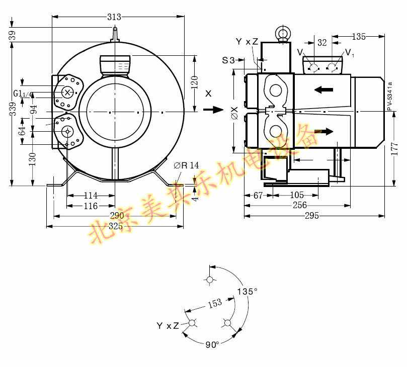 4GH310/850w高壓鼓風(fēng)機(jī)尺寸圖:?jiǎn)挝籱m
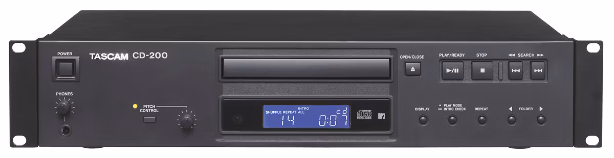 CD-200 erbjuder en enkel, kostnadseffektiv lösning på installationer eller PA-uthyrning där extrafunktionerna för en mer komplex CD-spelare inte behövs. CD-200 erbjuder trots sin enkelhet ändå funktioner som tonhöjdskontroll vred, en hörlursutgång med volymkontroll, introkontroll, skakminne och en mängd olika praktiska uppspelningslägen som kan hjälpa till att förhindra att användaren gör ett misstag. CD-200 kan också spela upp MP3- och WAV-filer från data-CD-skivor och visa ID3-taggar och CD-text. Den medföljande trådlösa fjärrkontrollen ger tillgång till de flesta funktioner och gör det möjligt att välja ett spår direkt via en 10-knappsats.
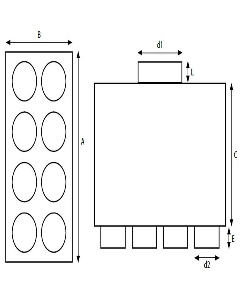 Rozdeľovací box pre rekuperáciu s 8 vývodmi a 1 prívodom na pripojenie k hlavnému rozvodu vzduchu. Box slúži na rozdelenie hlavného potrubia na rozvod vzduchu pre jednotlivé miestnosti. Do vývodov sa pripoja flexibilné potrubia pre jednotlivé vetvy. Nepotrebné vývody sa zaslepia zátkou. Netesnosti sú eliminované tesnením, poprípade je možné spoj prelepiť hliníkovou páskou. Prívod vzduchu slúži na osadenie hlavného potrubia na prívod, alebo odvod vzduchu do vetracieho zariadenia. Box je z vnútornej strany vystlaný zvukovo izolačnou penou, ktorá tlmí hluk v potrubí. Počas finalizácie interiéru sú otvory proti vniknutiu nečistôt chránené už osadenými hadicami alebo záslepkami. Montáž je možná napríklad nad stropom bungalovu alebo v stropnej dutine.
==
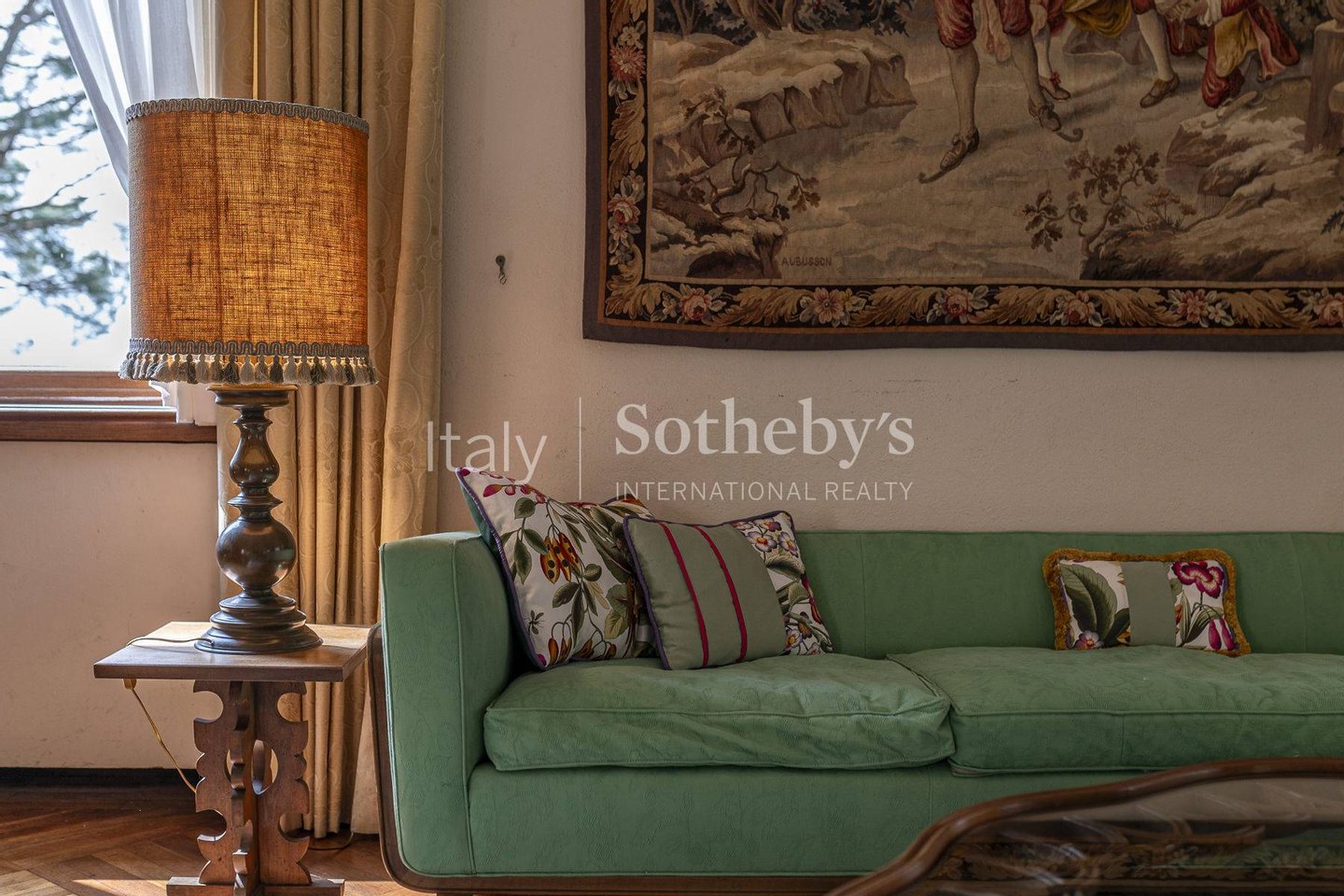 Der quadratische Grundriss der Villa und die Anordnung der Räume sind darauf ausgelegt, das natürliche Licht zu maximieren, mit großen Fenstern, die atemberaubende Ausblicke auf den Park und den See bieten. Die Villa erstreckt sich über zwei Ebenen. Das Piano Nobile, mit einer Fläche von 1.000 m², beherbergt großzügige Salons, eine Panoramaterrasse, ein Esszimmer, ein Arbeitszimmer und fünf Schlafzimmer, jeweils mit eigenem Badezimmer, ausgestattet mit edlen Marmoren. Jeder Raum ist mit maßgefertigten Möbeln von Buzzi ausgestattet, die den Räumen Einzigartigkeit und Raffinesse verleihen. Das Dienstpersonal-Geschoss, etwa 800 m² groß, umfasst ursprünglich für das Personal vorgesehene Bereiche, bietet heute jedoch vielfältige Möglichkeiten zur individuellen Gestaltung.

| EXERCISE GOAL |
Repeat exactly the lines above, from the line that contains "4GH310/850w高壓鼓風(fēng)機(jī)尺寸圖:?jiǎn)挝籱m" down through the line that contains "Rozdeľovací box pre". Include both of those lines and none of the pictures.

| RESPONSE |
 4GH310/850w高壓鼓風(fēng)機(jī)尺寸圖:?jiǎn)挝籱m
 CD-200 erbjuder en enkel, kostnadseffektiv lösning på installationer eller PA-uthyrning där extrafunktionerna för en mer komplex CD-spelare inte behövs. CD-200 erbjuder trots sin enkelhet ändå funktioner som tonhöjdskontroll vred, en hörlursutgång med volymkontroll, introkontroll, skakminne och en mängd olika praktiska uppspelningslägen som kan hjälpa till att förhindra att användaren gör ett misstag. CD-200 kan också spela upp MP3- och WAV-filer från data-CD-skivor och visa ID3-taggar och CD-text. Den medföljande trådlösa fjärrkontrollen ger tillgång till de flesta funktioner och gör det möjligt att välja ett spår direkt via en 10-knappsats.
 Rozdeľovací box pre rekuperáciu s 8 vývodmi a 1 prívodom na pripojenie k hlavnému rozvodu vzduchu. Box slúži na rozdelenie hlavného potrubia na rozvod vzduchu pre jednotlivé miestnosti. Do vývodov sa pripoja flexibilné potrubia pre jednotlivé vetvy. Nepotrebné vývody sa zaslepia zátkou. Netesnosti sú eliminované tesnením, poprípade je možné spoj prelepiť hliníkovou páskou. Prívod vzduchu slúži na osadenie hlavného potrubia na prívod, alebo odvod vzduchu do vetracieho zariadenia. Box je z vnútornej strany vystlaný zvukovo izolačnou penou, ktorá tlmí hluk v potrubí. Počas finalizácie interiéru sú otvory proti vniknutiu nečistôt chránené už osadenými hadicami alebo záslepkami. Montáž je možná napríklad nad stropom bungalovu alebo v stropnej dutine.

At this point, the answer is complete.